--- DATASET EXCERPTS ---

===

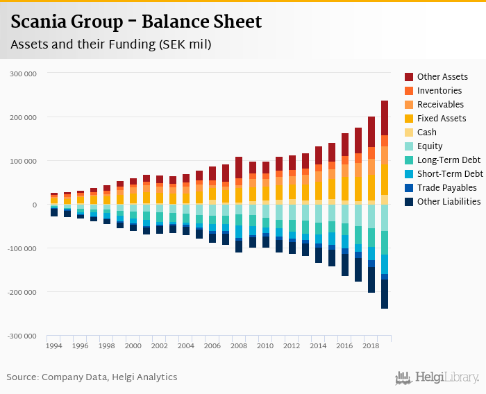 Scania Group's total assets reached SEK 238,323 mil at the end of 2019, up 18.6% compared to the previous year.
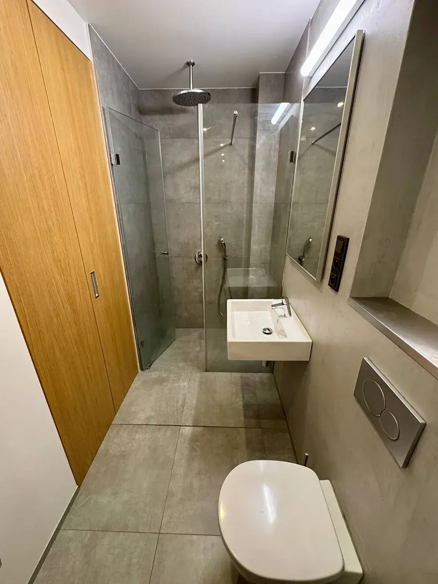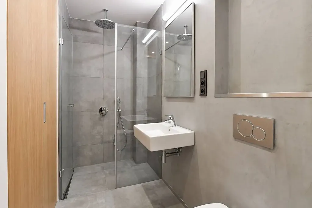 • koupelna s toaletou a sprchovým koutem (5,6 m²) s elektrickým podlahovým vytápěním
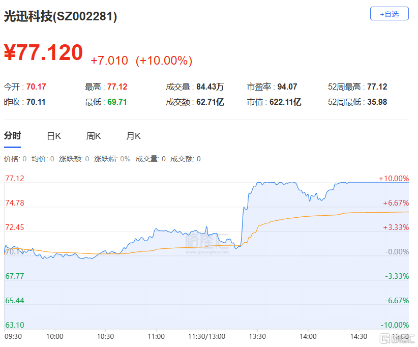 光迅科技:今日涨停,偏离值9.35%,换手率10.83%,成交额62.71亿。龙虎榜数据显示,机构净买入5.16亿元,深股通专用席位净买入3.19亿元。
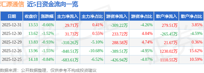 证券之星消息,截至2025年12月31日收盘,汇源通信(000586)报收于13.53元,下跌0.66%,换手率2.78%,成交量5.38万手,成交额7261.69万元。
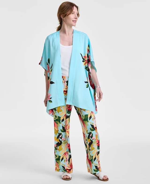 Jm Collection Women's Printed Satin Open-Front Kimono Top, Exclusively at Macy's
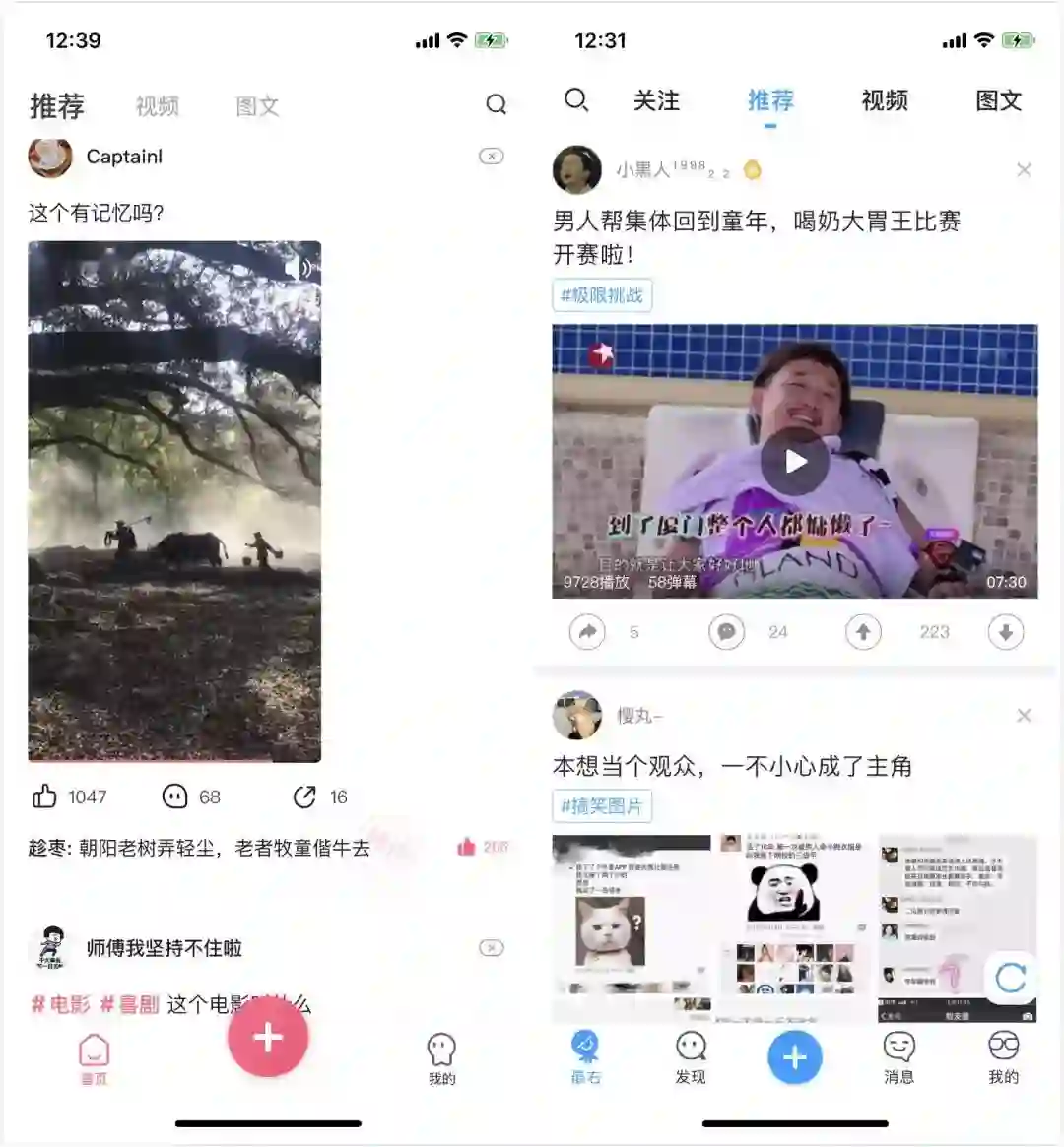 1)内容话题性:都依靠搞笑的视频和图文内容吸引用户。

===

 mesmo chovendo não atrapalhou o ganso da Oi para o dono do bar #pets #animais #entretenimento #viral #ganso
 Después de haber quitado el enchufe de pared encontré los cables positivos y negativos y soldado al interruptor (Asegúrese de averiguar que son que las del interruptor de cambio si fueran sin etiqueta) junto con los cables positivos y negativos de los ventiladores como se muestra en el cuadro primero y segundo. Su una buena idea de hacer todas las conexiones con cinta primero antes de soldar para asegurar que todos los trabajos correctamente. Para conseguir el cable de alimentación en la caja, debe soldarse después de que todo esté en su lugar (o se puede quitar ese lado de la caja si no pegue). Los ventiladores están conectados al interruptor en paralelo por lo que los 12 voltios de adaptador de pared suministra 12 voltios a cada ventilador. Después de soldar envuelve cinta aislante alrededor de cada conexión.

===

--- WHAT THIS TASK INVOLVES ---
The word to find is "para". Copy every line of the data that holds it.

--- ANSWER FOR THIS EXERCISE ---
 mesmo chovendo não atrapalhou o ganso da Oi para o dono do bar #pets #animais #entretenimento #viral #ganso
 Después de haber quitado el enchufe de pared encontré los cables positivos y negativos y soldado al interruptor (Asegúrese de averiguar que son que las del interruptor de cambio si fueran sin etiqueta) junto con los cables positivos y negativos de los ventiladores como se muestra en el cuadro primero y segundo. Su una buena idea de hacer todas las conexiones con cinta primero antes de soldar para asegurar que todos los trabajos correctamente. Para conseguir el cable de alimentación en la caja, debe soldarse después de que todo esté en su lugar (o se puede quitar ese lado de la caja si no pegue). Los ventiladores están conectados al interruptor en paralelo por lo que los 12 voltios de adaptador de pared suministra 12 voltios a cada ventilador. Después de soldar envuelve cinta aislante alrededor de cada conexión.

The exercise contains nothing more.